In a scathing July 2024 interim report of its investigation into Amazon, Senator Bernie Sanders focused on big corporate greed, asserting that a lack of spending on employee wages and safety initiatives balanced against corporate profits politicize an issue that is more granular, and shifts the focus from where it belongs – THE INJURED WORKER.
The safety and well-being of the workforce should be the focus and priority of ALL employers.
The report, “PEAK SEASONS, PEAK INJURIES: Amazon Warehouses are Especially Dangerous During Prime Day and the Holiday Season – and the Company Knows It,” calls on employers to do more for the injured worker and highlighted critical points about workplace safety that apply to all employers, not only Amazon.
The impact of overexertion
Recent OSHA data show that transportation and material moving is the industry with the highest workplace days away, restricted, or transfer from work (the DART rate), with the majority of incidents occurring from overexertion and bodily reaction.
When looking at this type of injury exposure and cause, most of these injuries will be musculoskeletal sprain and strain type injuries from either repetitive work or improper lifting, pushing, or pulling.
Here’s what employers can do to prevent these types of injuries:
Eliminate the risk. It was reported earlier this year that Amazon has grown to over 750,000 robots and replaced over 100,000 humans. Reducing the interactions of humans in the production environment is the ultimate way to prevent injuries, but there are others such as, providing equipment to assist in lifting and moving materials and redesigning production lines.

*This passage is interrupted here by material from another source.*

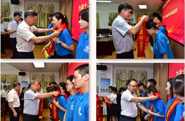 吴业春和相关部门及二级学院领导为支教师生佩戴绶带

Mitigate the risk by ensuring employees are properly trained to safely perform the functions of their job. This means not just training them on the job task, but rather the safe way to perform it. Also, ensuring there is adequate staff to manage the volume of the work and increasing that staff during busier times.
Insure the risk – every job contains a level of risk, and it is the duty of every employer to eliminate or mitigate those risks when appropriate, but as a last resort, all employers must have workers’ compensation insurance to cover any injuries when they do occur.
Why should employers strive to eliminate and mitigate risk?
The most important reason is to protect their most valuable assets, their employees. It is the right thing to do. A workplace injury can be devasting to the employee and their family. There is also a ripple effect across the workplace after an injury occurs.
What are the repercussions to an employer that does not protect its workers? Are there legal ramifications?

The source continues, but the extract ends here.